Análisis

Gaslighting: cuando te hacen creer que el problema sos vos

Salud mental

En TikTok, Instagram y hasta en conversaciones cotidianas aparece cada vez más una palabra extraña: "gaslairin". Aunque muchas veces se pronuncia así en tono de broma o de forma paraguayizada, el término correcto es gaslighting, una expresión utilizada en psicología para describir una forma de manipulación emocional donde una persona hace que otra dude de su propia percepción, memoria o realidad.

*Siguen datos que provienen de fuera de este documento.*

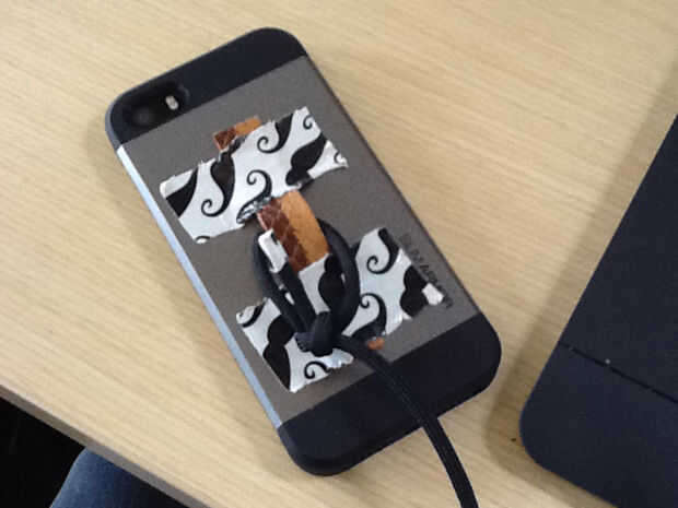 2) aprendí con el traje de Twitter que mi teléfono sea absolutamente con frecuencia dentro y fuera de mi bolsillo. Tenía que encontrar una manera de garantizar mi teléfono a mi persona y a veces, la más rápida y más sencilla (aunque algo poco elegante) solución funciona mejor - simplemente de conducto grabado un trozo pequeño correa sobrante al caso de mi teléfono. Gancho agarrador que algunos paracord - a 5'11 ", 2.5' mantendrá atado a mí sin restringir demasiado y no chocar con el suelo cuando inevitablemente soltarlo. Pasarlo a través de la correa y empate con un doble enganche medio o nudo cuadrado o lo que sea seguro nudo lo sabe en un extremo, el otro extremo en un bucle de cinturón sobre los pantalones. El residuo pegajoso debe salir muy fácilmente después de que sus travesuras han llegado a su fin.

Las redes sociales transformaron este concepto en algo viral. Hoy aparece en memes, reels y comentarios cotidianos. Frases como "me hizo gaslighting" o "me están gaslighteando" ya forman parte del vocabulario de muchos adolescentes y adultos jóvenes. Y aunque esto ayudó a visibilizar temas relacionados con la salud mental, también generó cierta banalización del término.

Porque no, no todo desacuerdo es gaslighting.

El gaslighting ocurre cuando una persona manipula emocionalmente a otra hasta hacerla cuestionarse constantemente. No suele darse con agresiones evidentes, sino con pequeños comentarios repetidos en el tiempo: 
1- Estás exagerando 
2- Eso nunca paso 
3- Vos siempre entendés mal las cosas 
4- Todo te afecta demasiado o sos demasido sensible 

A simple vista parecen frases comunes, incluso "normales" dentro de algunas relaciones. Sin embargo, cuando se vuelven constantes generan inseguridad, culpa y confusión emocional. Poco a poco, la persona deja de confiar en sí misma. Empieza a preguntarse si realmente recuerda bien las cosas, si está reaccionando exageradamente o si el problema "es ella".

Ese es justamente el daño más profundo del gaslighting: hacer que alguien desconecte de su propia realidad emocional.

En consulta psicológica esto aparece con más frecuencia de lo que imaginamos. Muchas personas llegan sintiéndose culpables por expresar emociones, pidiendo disculpas constantemente o creyendo que "todo lo hacen mal", cuando en realidad llevan años invalidando lo que sienten para evitar conflictos.

Y este fenómeno puede ser todavía más delicado en personas con TDAH.

Muchos niños, adolescentes y adultos con Trastorno por Déficit de Atención e Hiperactividad crecieron escuchando mensajes negativos sobre sí mismos: 
1- Sos irresponsable 
2- Nunca terminas nada 
3- Todo está en tu cabeza o siempre te olvidás de todo

Cuando estas frases se repiten durante años, afectan profundamente la autoestima. La persona comienza a desarrollar inseguridad sobre sus propias capacidades y puede sentir que constantemente decepciona a los demás. 

Además, las personas con TDAH suelen experimentar una mayor sensibilidad emocional, impulsividad y dificultades para regular emociones. Por eso, cuando alguien utiliza sus olvidos, distracciones o desorganización para desacreditar lo que sienten, el impacto psicológico puede ser mucho mayor. 

Algunos manipuladores incluso usan el diagnóstico como herramienta:
1- Seguro entendiste mal por tu TDAH 
2- No te acordás porque sos distraído o, otra vez estás confundiendo todo. 

Y ahí aparece algo muy peligroso: la persona empieza a desconfiar de sí misma incluso cuando tiene razón.

Las redes sociales tienen un enorme poder para informar y abrir conversaciones importantes. Pero también simplifican experiencias emocionales complejas en videos de pocos segundos. Un reel puede enseñar un concepto, pero no siempre muestra la profundidad del daño emocional que existe detrás de ciertas dinámicas vinculares. 

Por eso, más allá de las tendencias o palabras virales, es importante aprender a identificar relaciones donde constantemente se invalidan las emociones, se minimiza el dolor o se manipula la percepción de la realidad. 

Hablar de salud mental no debería convertirse solamente en una moda de internet. Debería ayudarnos a construir vínculos más conscientes, donde escuchar, validar y respetar las emociones del otro sea parte de la comunicación cotidiana. 

Porque una discusión puede ser normal en cualquier relación. Lo que no debería ser normal es vivir sintiendo que todo lo que uno piensa, siente o recuerda está equivocado.